Sungguh sebuah kebudayaan yang merugi jika penanganan terorisme tercebur pada kesimpulan kaum santri dan tidak membangun komitmen bahwa terorisme adalah tindak kriminal yang harus dilihat dari kasus perkasus dan tidak selalu seragam secara personal dan institusional keagamaan. Disparitas personal-institusional inilah yang sebenarnya menjadi tolak ukur bahwa realitas piskologi keagamaan selalu bergeser dari dua arena itu dan mengambil implementasi dan kontrol kesucian keagamaan secara berbeda pula.
Terorisme merusak kebudayaan yang secara historis telah diakomodir pesantren untuk ikut membangun kearifan berbangsa. Namun fakta teror ini telah membangun konstruksi dan menyeret identitas kaum santri terbelah oleh kecurigaan yang menganggap praktik-praktik Islam kultural perlu didisiplinkan dari politik kebijakan terorisme dan menjadikan identitas keagamaan sebagai stereotipe diskriminatif.

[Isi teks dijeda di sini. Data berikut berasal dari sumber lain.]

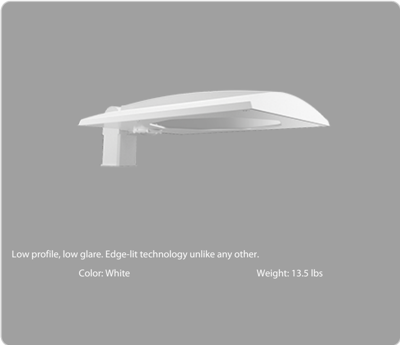
Low profile, low glare. Edge-lit technology unlike any other. Color: White Weight: 13.5 lbs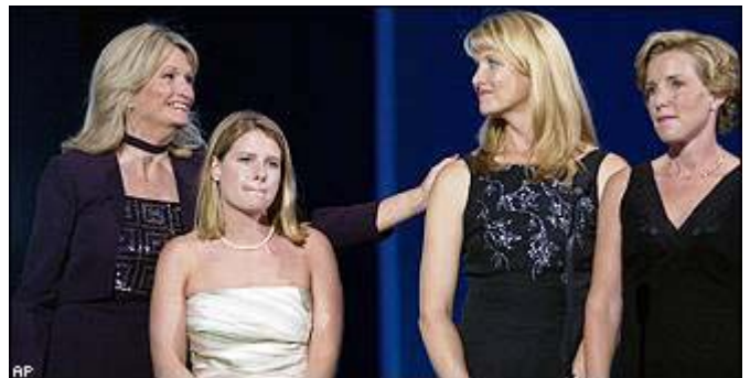
Family of the Flight 93 heroes accept an award.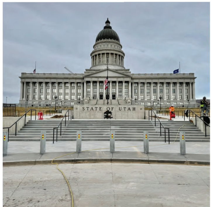
New State of Utah wall with traffic circle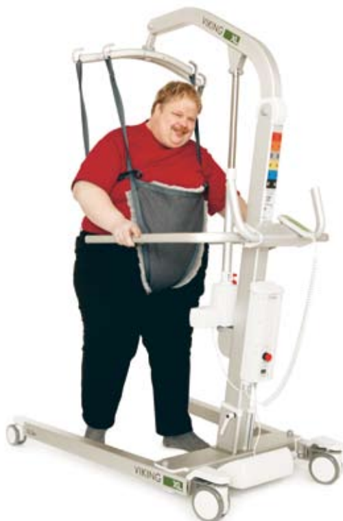
Gait training with Viking XL and the Liko Lift-pants. The lift is equipped with optional arm rests.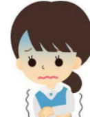
Muscle Aches and Chills?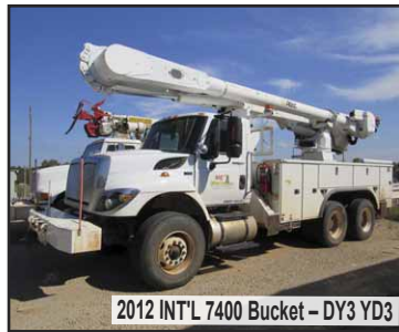
2012 INT'L 7400 Bucket - DY3 YD3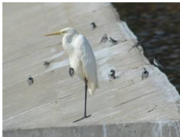
Birdwatching at Alcollarín reservoir; great white egret and white wagtails.

We returned along the reservoir's side and drove over the dam wall and as far as the track allowed along the other side. On this side were heard then found wigeons, a dozen or so shelducks and couple of pintails, though the best sighting was probably a dense and mobile flock of Spanish sparrows. We returned across the dam where a swallow and a crag martin flew over us.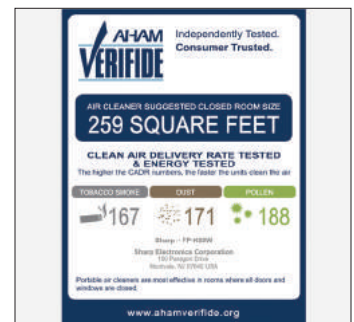
Sharp Air Purifiers are tested by independent laboratories to verify the air-cleaning capability of the filtration system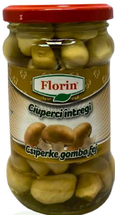
Whole Mushrooms Net Weight: 315 gr 10 Pcs / Box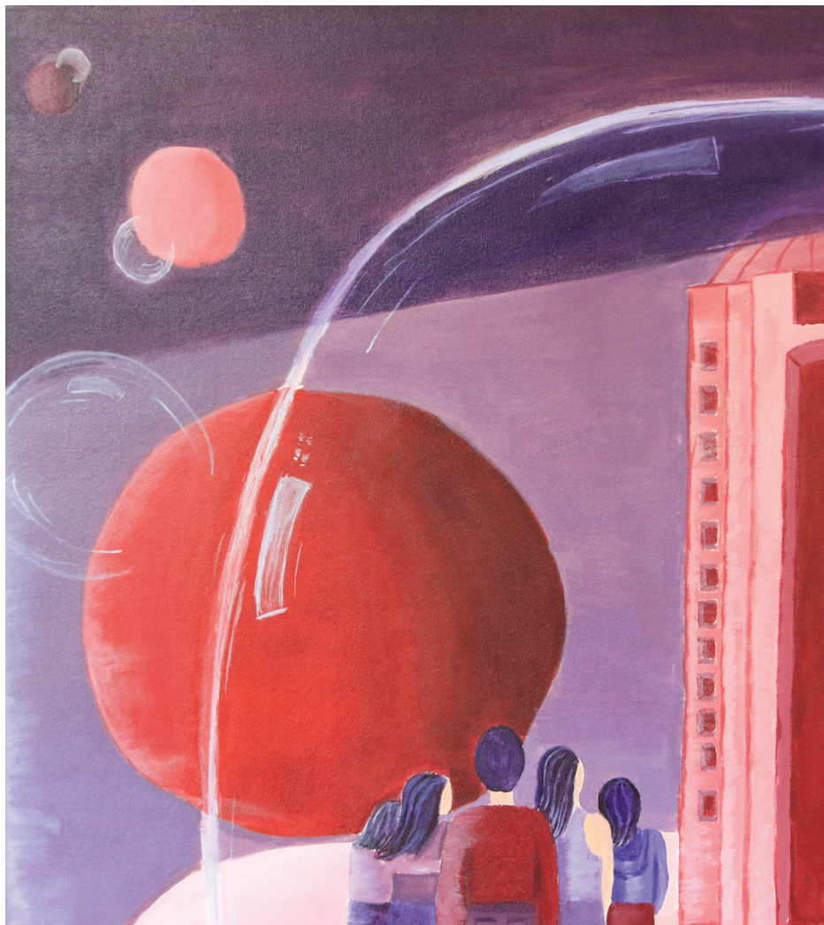
Illustration by PXHS student

The primary focus is on connecting the child and/or family to resources and materials to support them. Potential outcomes are also listed on the bottom of the flowchart.

Sidik jari dalam kasus ini tidak lebih merupakan politik representasi yang menimbulkan kecurigaan berlebihan dan jika pelaksanaannya tidak diawasi oleh alasan hukum yang akurat dan signifikan bisa jadi pilihan ini akan menjadi kebijakan yang sifatnya gebyah uyah mengontrol dan mendisiplinkan tubuh santri secara represif.
Tubuh santri senantiasa menjadi obyek kuasa. Tubuh santri akhirnya dimanipulasi, diatur, dikuasai, dan dikoreksi menjadi sasaran kuasa yang dalam arti teknik politis, kuasa hendak mengatur, mengontrol atau mengoreksi segala aktifitas tubuh santri. Pengambilan sidik jari ini menjadi kekhawatiran akan mengulang corak teknologi politik orde baru yang diluar konteks teroris akan membuka peluang sebagai alat membungkam seluruh aktifitas kritis kaum santri ketika dianggap mengancam ”otoritas” negara.

Oleh karena itu tidak cukup signifikan jika para santri menjadi kambing hitam terorisme. Santri tidak perlu didisiplinkan melainkan ditumbuhkan kekuatan membangun akselerasi wacana dan dinamika kehidupan yang bisa menopang kearifan berbudaya dan berbangsa sehingga kesadaran melawan terorisme tumbuh oleh nalar-kritis yang lahir dari rahim pesantren dan bukan nalar-bisu ketakutan dari dampak sidik jari.

Sampai sejauh ini metamorfosis pesantren secara umum di Indonesia masih mencerminkan komunitas Islam yang secara kontinu memberikan kekuatan membangun harmoni dan kearifan dalam kehidupan berbangsa dan bernegara karena mereka berdiri di atas warisan khazanah keilmuan yang beragam dan dibangun antara lain oleh tradisi sufisme sebagai sandaran akidah dan akhlaq, hukum-hukum fiqh yang mengatur kegiatan hubungan kemanusiaan, atau kitab-kitab klasik yang masih sangat representatif dikaji karena dianggap masih mampu memberikan keteladanan dan kearifan untuk membekali santri bisa hidup di hari kemudian.